◆ **Work instructions**
Your answer must consist solely of the lines from the one containing "Lo spazio così" through the last line of the records below, reproduced exactly, with all pictures omitted.

◆ **Data for this task**
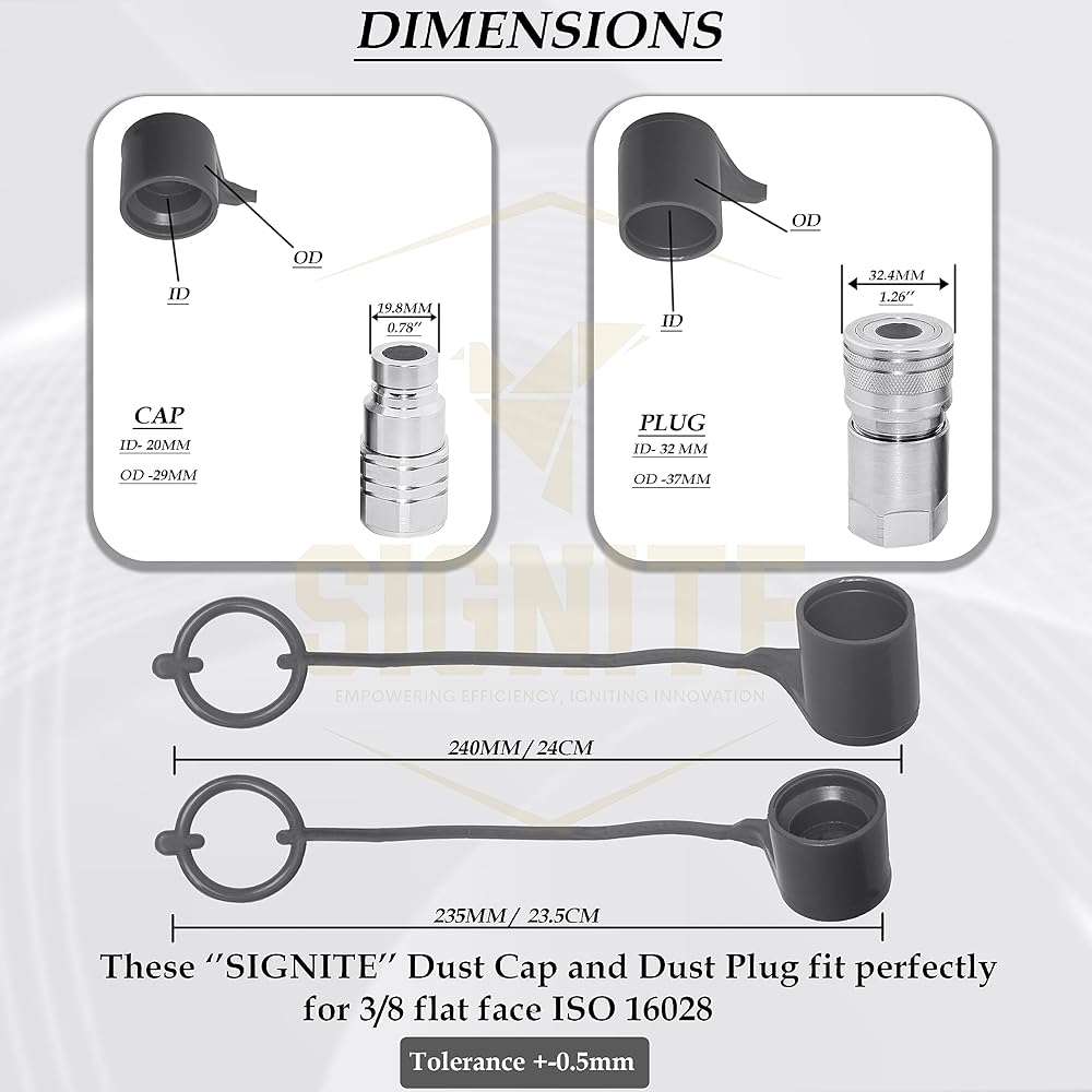 Versatile Compatibility: Engineered to cater to various hydraulic systems, our caps and plugs are specifically designed for flat face hydraulic couplers. This versatility ensures that regardless of the equipment brand, our caps and plugs offer a reliable protective solution, bolstering the durability of your machinery's hydraulic connections.
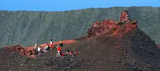 La Réunion est une île volcanique née il y a quelque trois millions d'années[20] avec l'émergence du volcan bouclier du piton des Neiges qui est aujourd'hui, avec une altitude de 3 070,50 mètres, le sommet le plus élevé des Mascareignes et de l'océan Indien[21]. L'est de l'île est constitué par le piton de la Fournaise, un autre volcan bouclier bien plus récent (500 000 ans) qui est considéré comme l'un des plus actifs de la planète. La partie émergée de l'île ne représente qu'un faible pourcentage (environ 3 %) de la montagne sous-marine qui la forme.
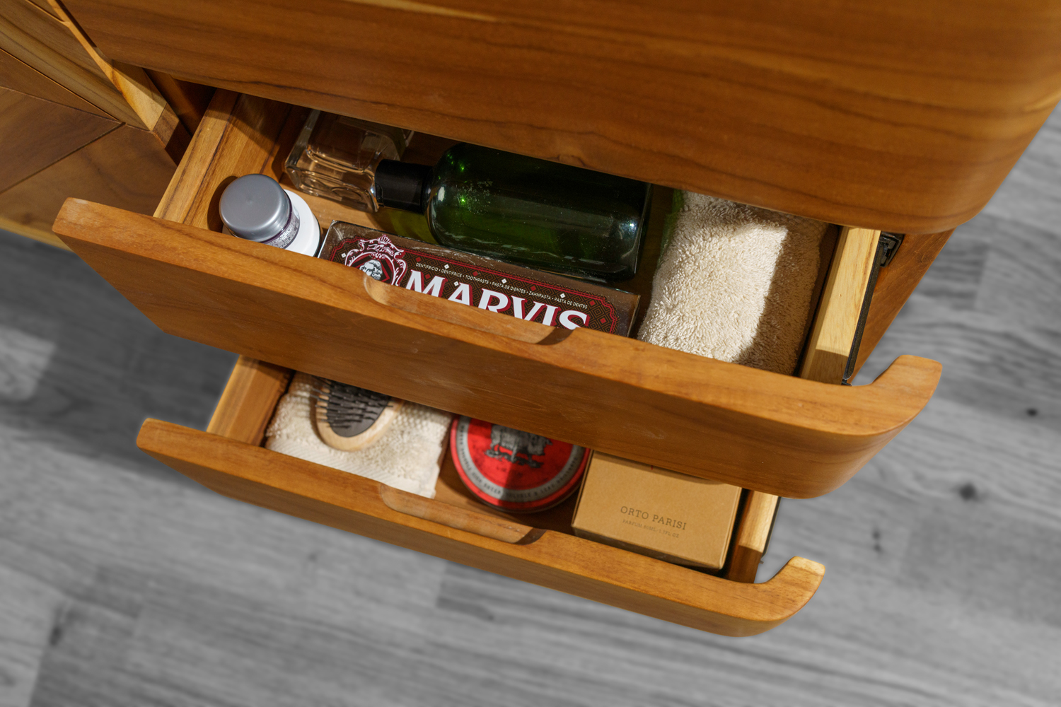 Lo spazio così prezioso nella Sala da Bagno trova un altrettanto prezioso protagonista in questo Consolle in teak.Il legno viene lievemente trattato con cere protettive e mantiene il tono caldo ed irripetibile delle essenze tropicali più pregiate.
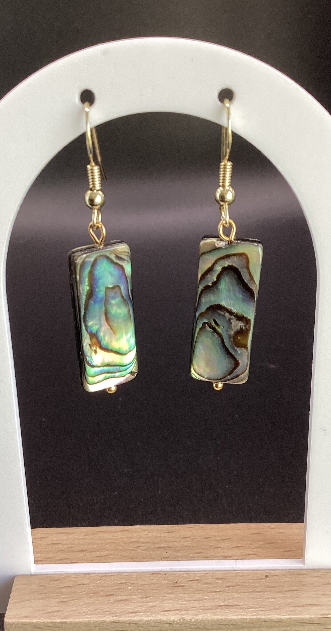 Boucles d’oreilles en nacre d’abalone, aux reflets incroyables.. crochets en argent S925 plaqué or.
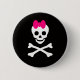 Este Crachá de Botão Emo apresenta um crânio e ossos cruzados com um arco rosa.

◆ **Written response**
 Lo spazio così prezioso nella Sala da Bagno trova un altrettanto prezioso protagonista in questo Consolle in teak.Il legno viene lievemente trattato con cere protettive e mantiene il tono caldo ed irripetibile delle essenze tropicali più pregiate.
 Boucles d’oreilles en nacre d’abalone, aux reflets incroyables.. crochets en argent S925 plaqué or.
 Este Crachá de Botão Emo apresenta um crânio e ossos cruzados com um arco rosa.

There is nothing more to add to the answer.